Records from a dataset
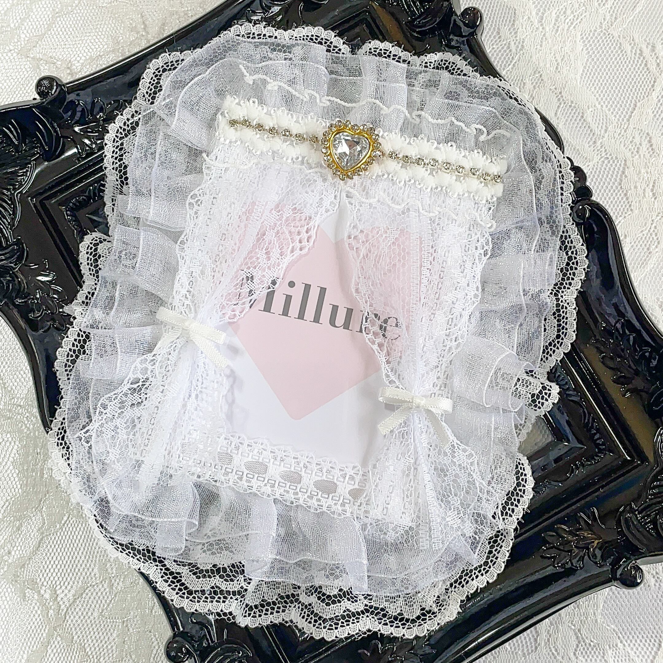 白レースとカラーフリルを重ねて
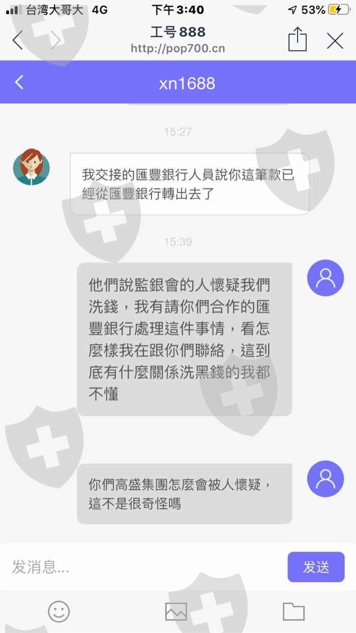 高盛國際利用網站平台詐騙,自稱是香港滙豐銀行辨理高盛委託滙款業務,先索取5%的手續費,再以洗黑錢罪名要求繳付20保證為由一再向我付款
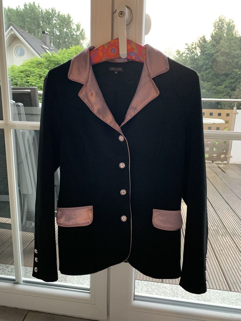 Visa jacka Cavalliera Mauve Sensation storlek L - Säljer min svart/rosa showjacka från Cavalliera, modell Mauve Sensation i storlek L.
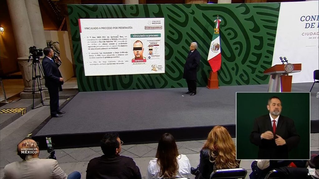 En la sección Cero Impunidad, el Subsecretario de Seguridad Pública federal, General Luis Rodríguez Bucio, informó que fue vinculado a proceso Ricardo “N”, en Baja California; esta persona fue detenida en Cancún por los delitos de abuso sexual y pederastia agravada en contra de 14 alumnos de una escuela primaria de Mexicali.
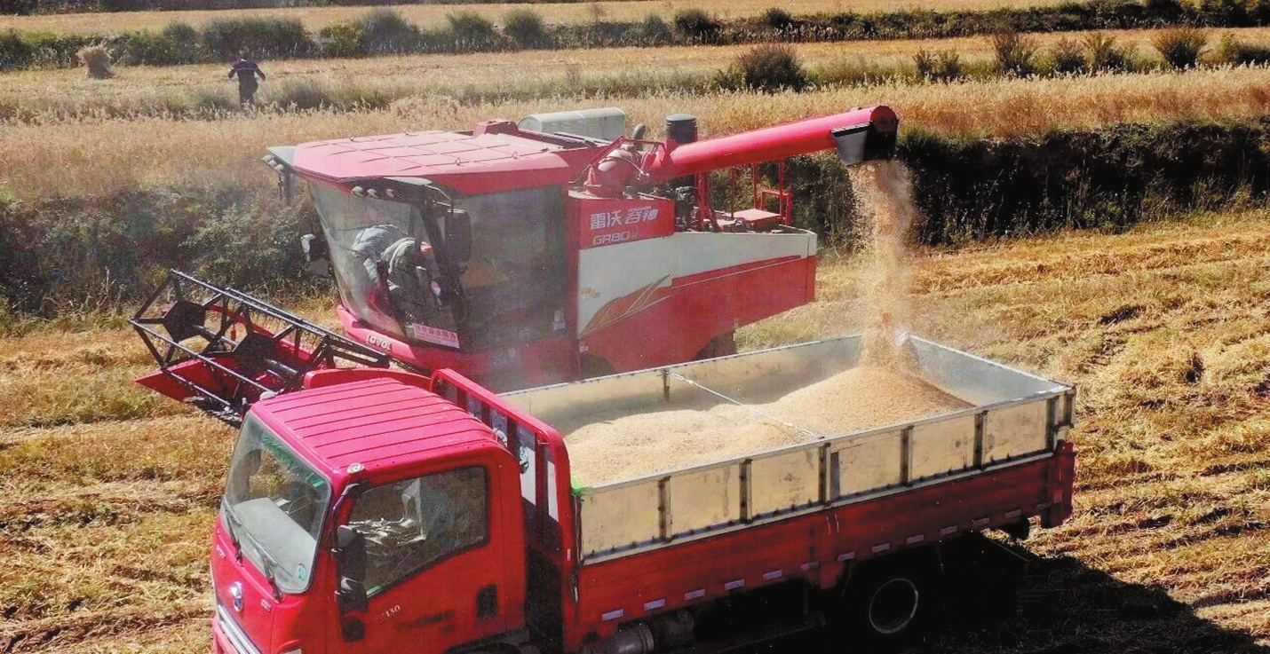 走進(jìn)基地,放眼望去,廣袤的田野上泛著溫暖的金黃色,成片的莜麥穗粒飽滿(mǎn),在風(fēng)中拂動(dòng),傳遞著豐收的信號(hào)。大型收割機(jī)隆隆作響,在麥浪中穩(wěn)步穿梭,村民們緊隨其后,人機(jī)協(xié)作,全力保豐收。
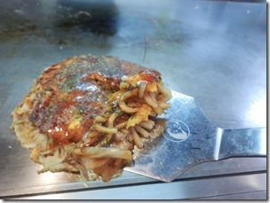 野菜にはもやしがなく、ひっくり返した後に生地の下に、これまた冷蔵庫から取り出されたチューブの水分、おそらく出汁だと思いますがこれを射します。そしてドーム型のフタをして蒸し焼き。その途中に、いったん上下を元のようにひっくり返してドーム状のフタをし少しの間焼いてから、再び上下を元に戻しました。このひっくり返しを一度元に戻す焼き方は、一銭洋食さんに似ていますね。こんな感じで、全体的にかなり時間をかけて丁寧に焼かれます。
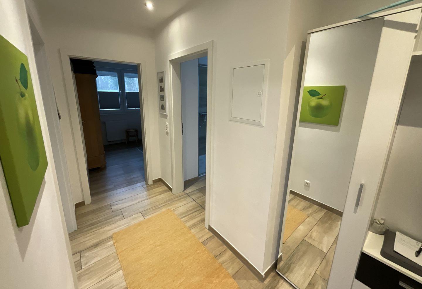 Für erholsame Nächte stehen Ihnen 2 Schlafzimmer zur Verfügung. Das Badezimmer ist mit einer bodengleichen Dusche (1), WC, Waschbecken, Spiegel und Fenster ausgestattet. Ein Haartrockner gehört ebenfalls zur Ausstattung.
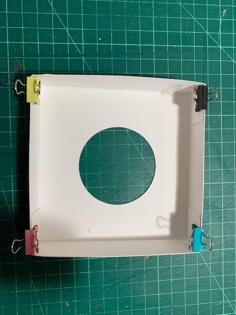 מצמידים ומדביקים את הכנפיים לדפנות הסמוכות (בצד הפנימי של המכסה)
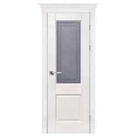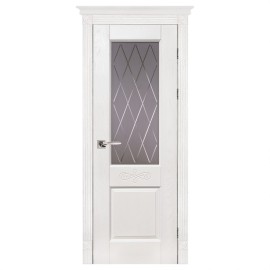Современная традиционная модель Капри 3 со стеклом №1 выполнена из массива сосны, декорирована объемными филенками, резными элементами из массива дуба и фрезерованным стеклом.
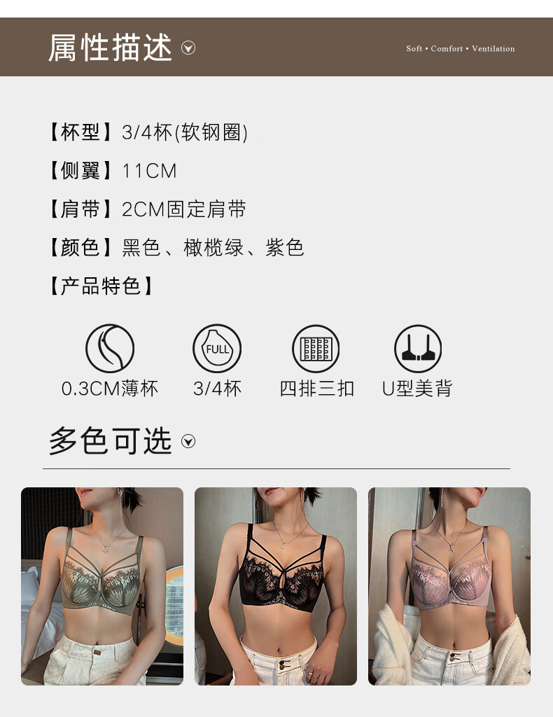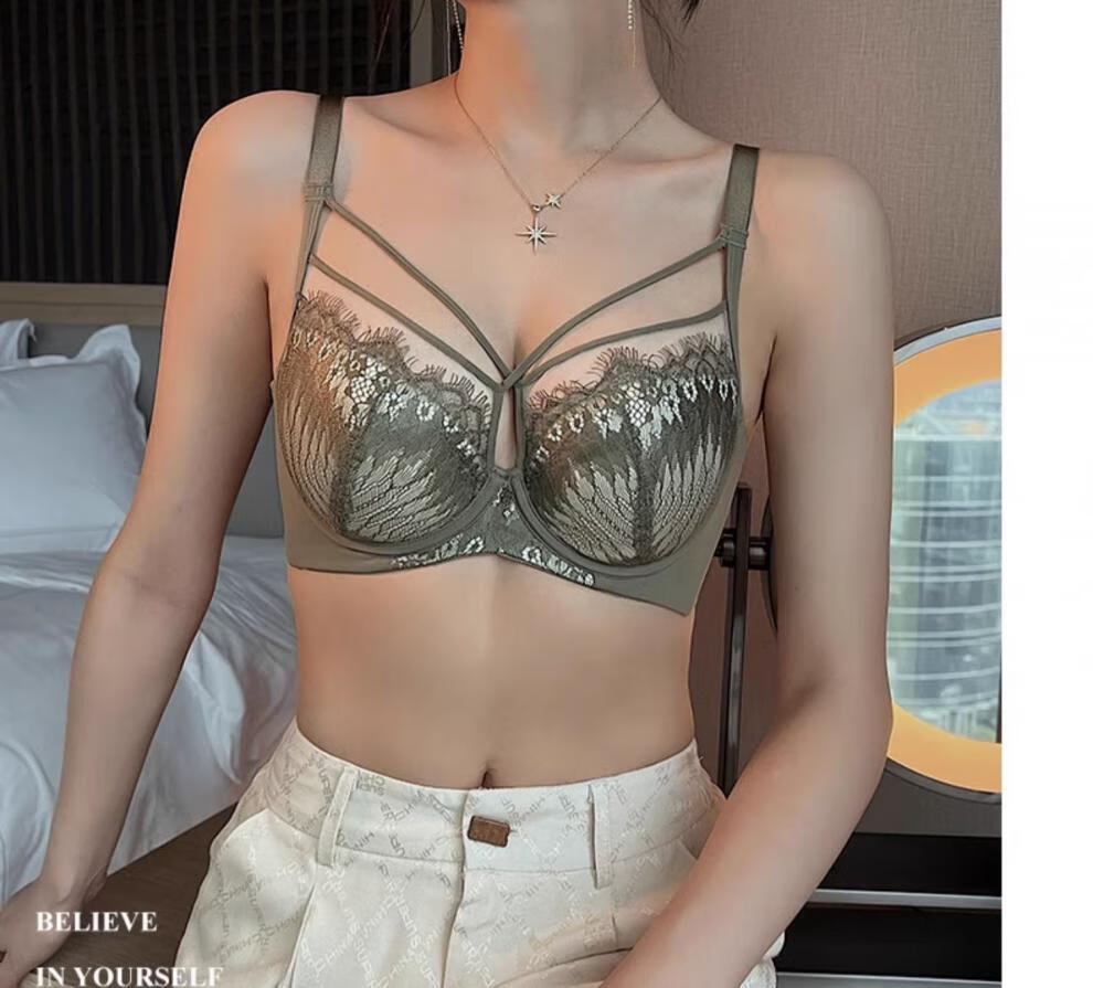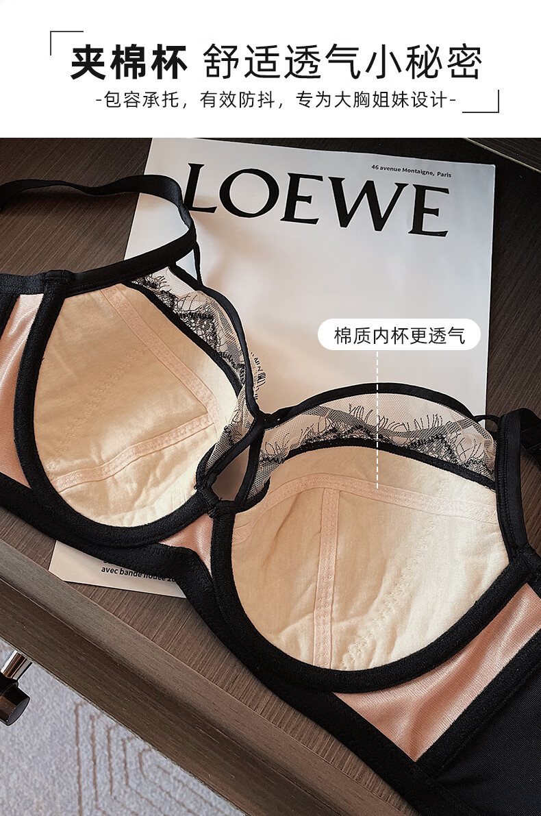Adore Autumn and Summer Zodiac Year Lace Underwear for Women with Big Breasts Showing Smaller Soft Wire Rings Adjustable Breast Retraction and Anti-sagging Expansion Bra Set Burgundy (Set) 75B 34
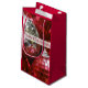 Gift bag featuring a stylish collection of glittering red and silver Christmas baubles. A customisable design for you to personalise with your own text, images and ideas. Image created using an original photograph and digital techniques.
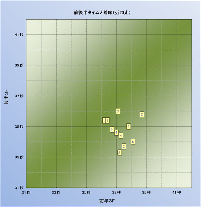 脚質解析 近20レースの4コーナーでの位置取りと上がり順位(頭数補正後) |
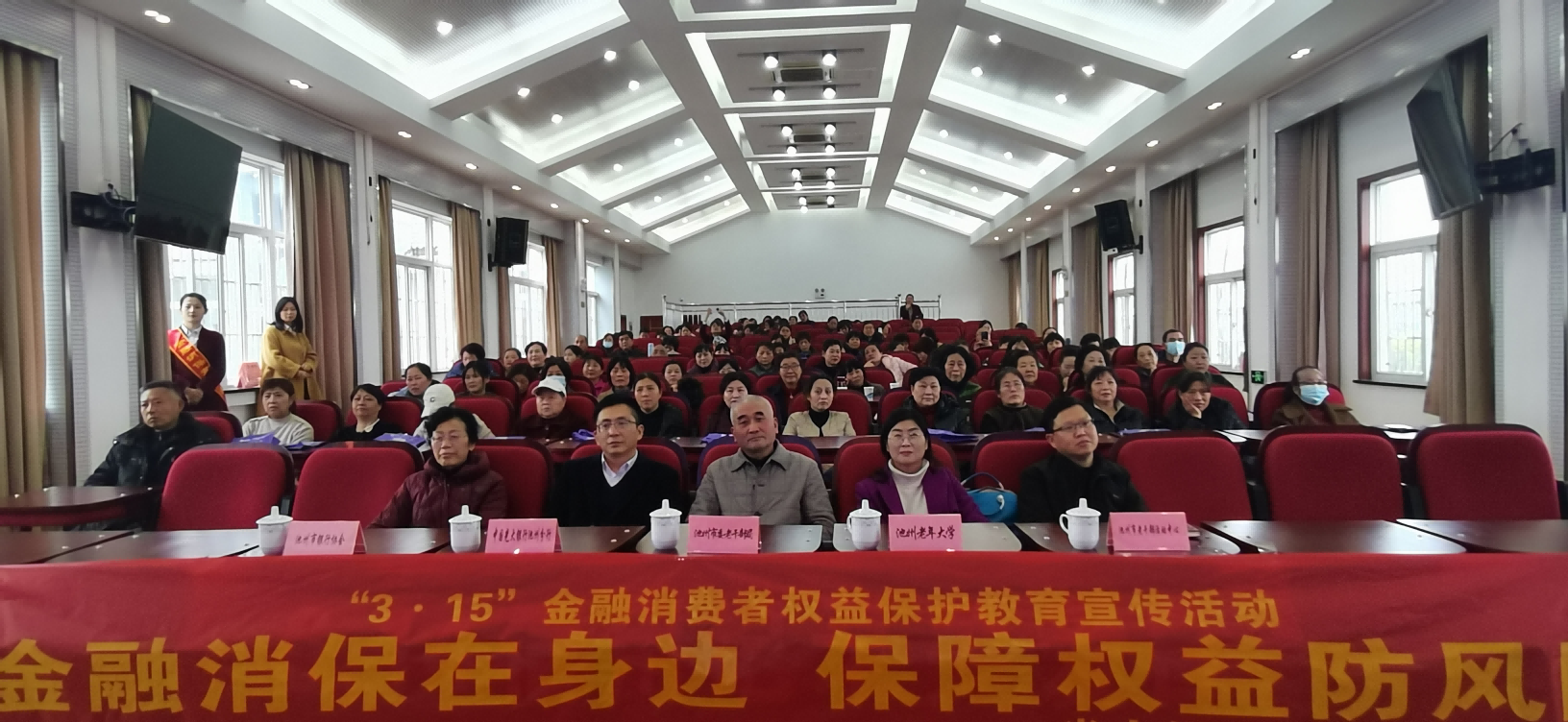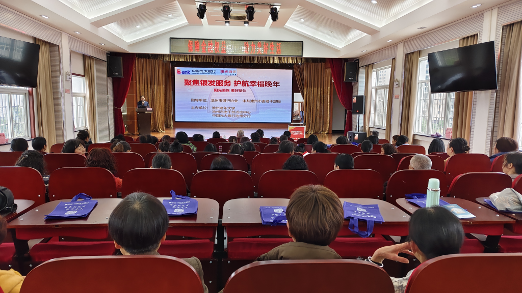 3月11日下午,在池州老年大学南校区五楼多功能厅,由池州市银行协会、中共池州市委老干部局指导,池州老年大学、池州市老干部活动中心,中国光大银行池州分行主办的防范养老诈骗知识讲座正在展开。

What the task asks – Each line of the data must be transcribed exactly; pictures are not carried over.

Response area –
 白レースとカラーフリルを重ねて
 高盛國際利用網站平台詐騙,自稱是香港滙豐銀行辨理高盛委託滙款業務,先索取5%的手續費,再以洗黑錢罪名要求繳付20保證為由一再向我付款
 Visa jacka Cavalliera Mauve Sensation storlek L - Säljer min svart/rosa showjacka från Cavalliera, modell Mauve Sensation i storlek L.
 En la sección Cero Impunidad, el Subsecretario de Seguridad Pública federal, General Luis Rodríguez Bucio, informó que fue vinculado a proceso Ricardo “N”, en Baja California; esta persona fue detenida en Cancún por los delitos de abuso sexual y pederastia agravada en contra de 14 alumnos de una escuela primaria de Mexicali.
 走進(jìn)基地,放眼望去,廣袤的田野上泛著溫暖的金黃色,成片的莜麥穗粒飽滿(mǎn),在風(fēng)中拂動(dòng),傳遞著豐收的信號(hào)。大型收割機(jī)隆隆作響,在麥浪中穩(wěn)步穿梭,村民們緊隨其后,人機(jī)協(xié)作,全力保豐收。
 野菜にはもやしがなく、ひっくり返した後に生地の下に、これまた冷蔵庫から取り出されたチューブの水分、おそらく出汁だと思いますがこれを射します。そしてドーム型のフタをして蒸し焼き。その途中に、いったん上下を元のようにひっくり返してドーム状のフタをし少しの間焼いてから、再び上下を元に戻しました。このひっくり返しを一度元に戻す焼き方は、一銭洋食さんに似ていますね。こんな感じで、全体的にかなり時間をかけて丁寧に焼かれます。
 Für erholsame Nächte stehen Ihnen 2 Schlafzimmer zur Verfügung. Das Badezimmer ist mit einer bodengleichen Dusche (1), WC, Waschbecken, Spiegel und Fenster ausgestattet. Ein Haartrockner gehört ebenfalls zur Ausstattung.
 מצמידים ומדביקים את הכנפיים לדפנות הסמוכות (בצד הפנימי של המכסה)
Современная традиционная модель Капри 3 со стеклом №1 выполнена из массива сосны, декорирована объемными филенками, резными элементами из массива дуба и фрезерованным стеклом.
Adore Autumn and Summer Zodiac Year Lace Underwear for Women with Big Breasts Showing Smaller Soft Wire Rings Adjustable Breast Retraction and Anti-sagging Expansion Bra Set Burgundy (Set) 75B 34
 Gift bag featuring a stylish collection of glittering red and silver Christmas baubles. A customisable design for you to personalise with your own text, images and ideas. Image created using an original photograph and digital techniques.
 脚質解析 近20レースの4コーナーでの位置取りと上がり順位(頭数補正後) |
 3月11日下午,在池州老年大学南校区五楼多功能厅,由池州市银行协会、中共池州市委老干部局指导,池州老年大学、池州市老干部活动中心,中国光大银行池州分行主办的防范养老诈骗知识讲座正在展开。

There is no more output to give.